- [Exercise aim]: Once you have read the records below, report how many lines contain the word "Available", and give nothing besides that number.

- [Data supplied]:
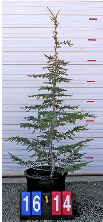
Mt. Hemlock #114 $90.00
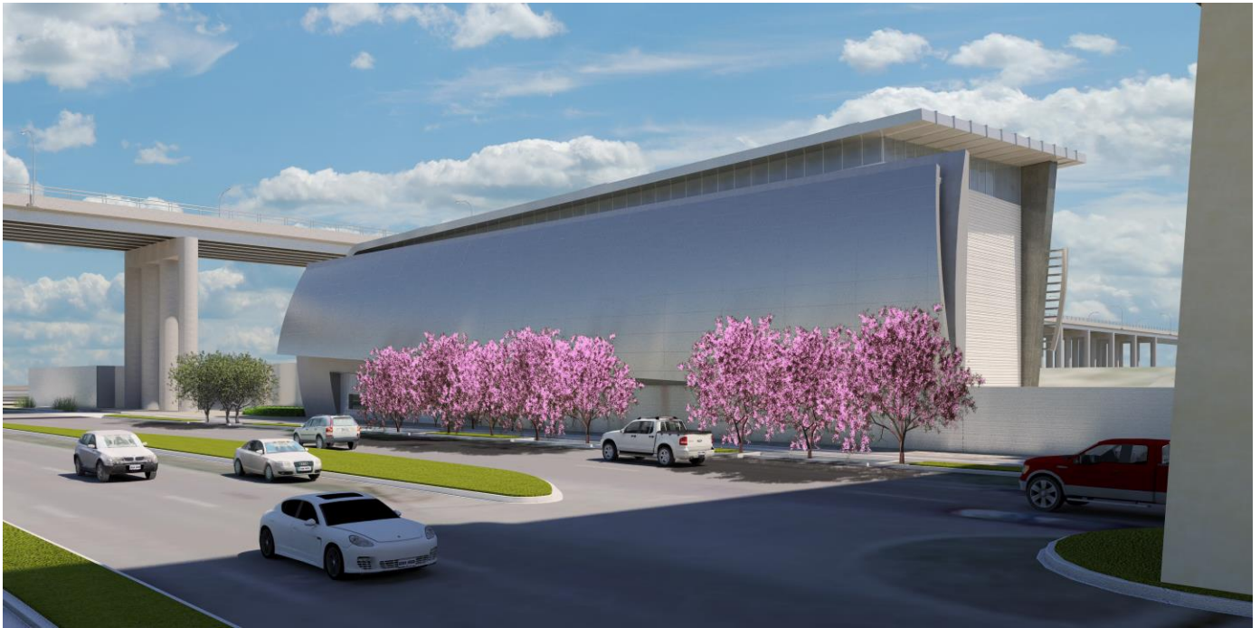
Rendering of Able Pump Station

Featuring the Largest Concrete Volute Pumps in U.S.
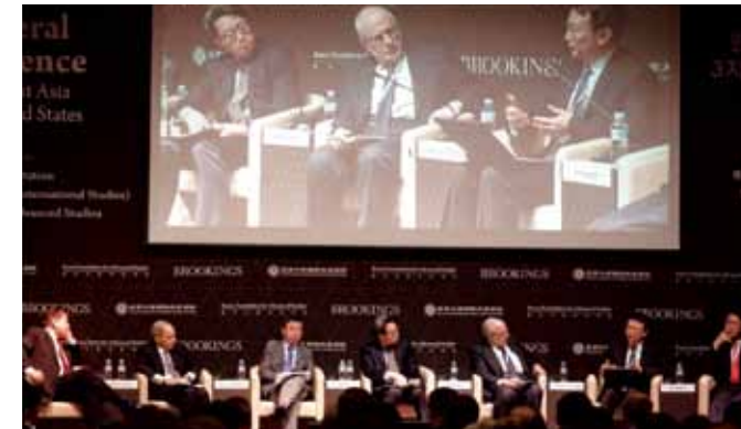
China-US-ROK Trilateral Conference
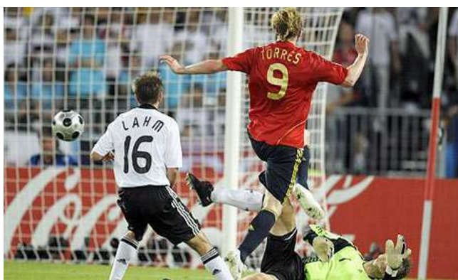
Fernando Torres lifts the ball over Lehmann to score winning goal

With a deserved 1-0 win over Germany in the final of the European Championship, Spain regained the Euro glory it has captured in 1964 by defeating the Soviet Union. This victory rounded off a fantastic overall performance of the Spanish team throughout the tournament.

--

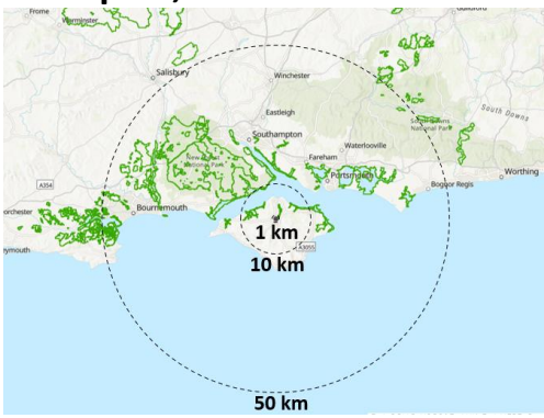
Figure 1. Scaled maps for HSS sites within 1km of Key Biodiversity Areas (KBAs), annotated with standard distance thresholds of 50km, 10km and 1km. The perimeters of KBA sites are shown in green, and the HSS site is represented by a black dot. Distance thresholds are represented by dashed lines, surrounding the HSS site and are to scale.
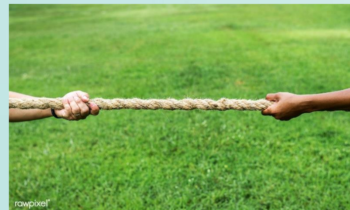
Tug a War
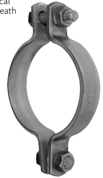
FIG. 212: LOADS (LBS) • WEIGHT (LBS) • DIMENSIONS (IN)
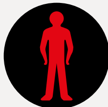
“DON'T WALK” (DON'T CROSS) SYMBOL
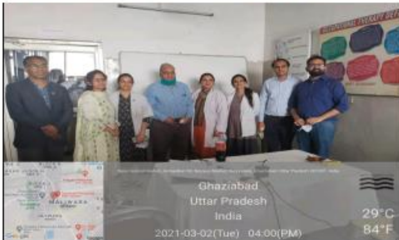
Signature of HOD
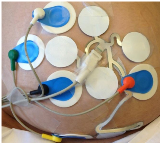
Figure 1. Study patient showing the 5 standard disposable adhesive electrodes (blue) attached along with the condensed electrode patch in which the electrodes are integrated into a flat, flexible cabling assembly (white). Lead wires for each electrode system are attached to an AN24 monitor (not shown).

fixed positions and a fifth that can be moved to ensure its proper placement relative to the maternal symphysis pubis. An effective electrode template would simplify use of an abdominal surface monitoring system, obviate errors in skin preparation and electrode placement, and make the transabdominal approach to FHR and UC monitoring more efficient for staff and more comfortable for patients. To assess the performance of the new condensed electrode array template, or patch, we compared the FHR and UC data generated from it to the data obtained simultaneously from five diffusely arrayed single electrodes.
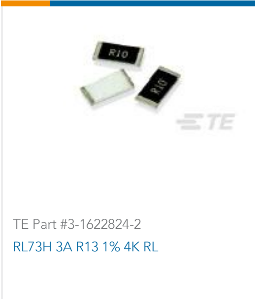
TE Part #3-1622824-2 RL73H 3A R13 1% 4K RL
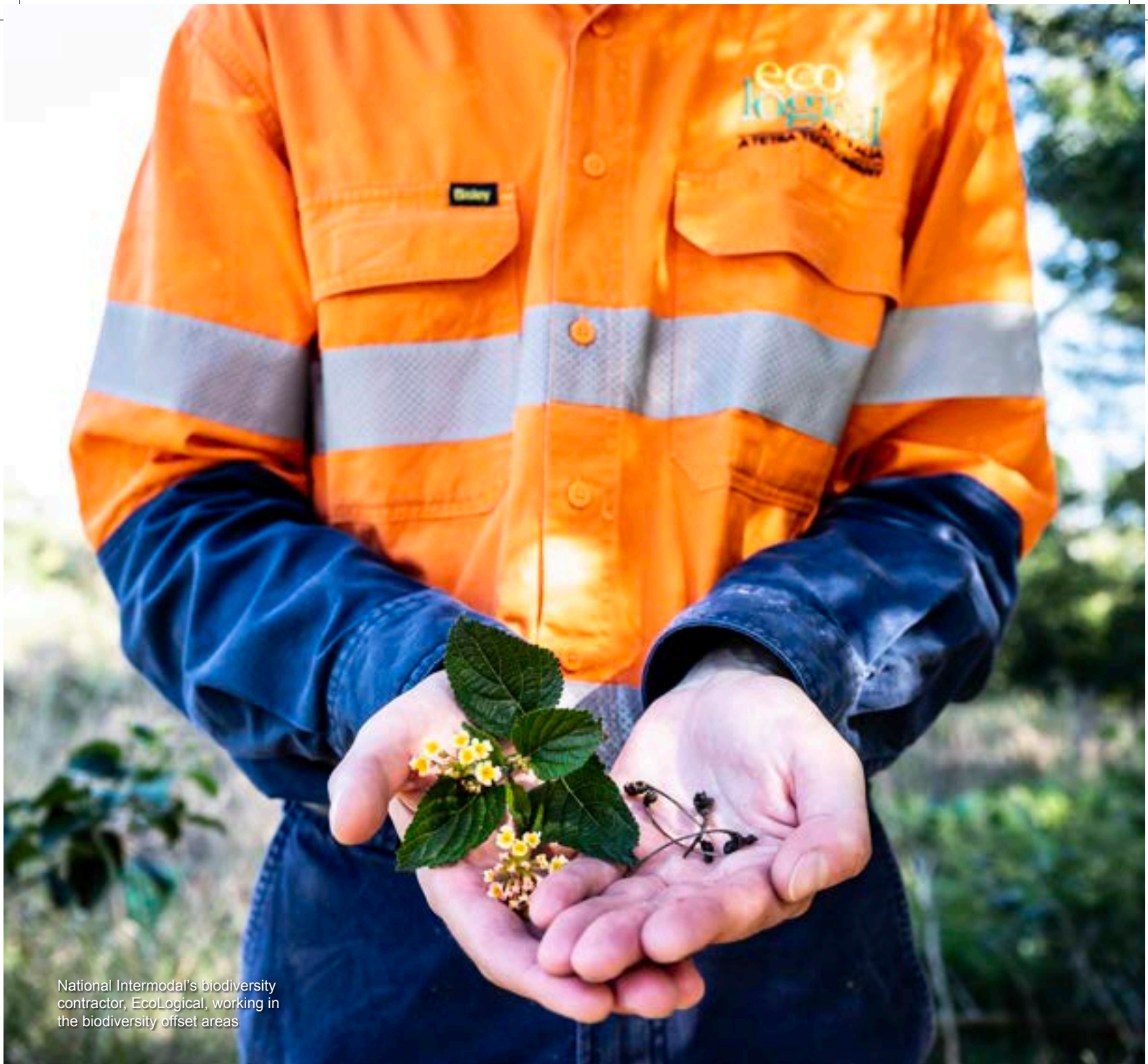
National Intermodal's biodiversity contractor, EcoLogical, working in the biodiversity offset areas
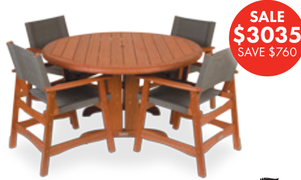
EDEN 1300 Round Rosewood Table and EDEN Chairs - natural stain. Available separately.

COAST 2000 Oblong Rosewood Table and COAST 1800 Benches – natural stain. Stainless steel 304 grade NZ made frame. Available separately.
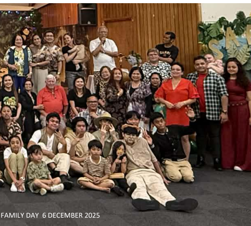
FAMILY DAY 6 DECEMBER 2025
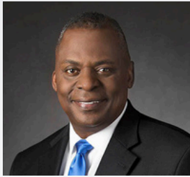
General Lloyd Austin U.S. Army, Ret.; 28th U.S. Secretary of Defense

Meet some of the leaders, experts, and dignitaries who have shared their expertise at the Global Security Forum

- [Output below]: 2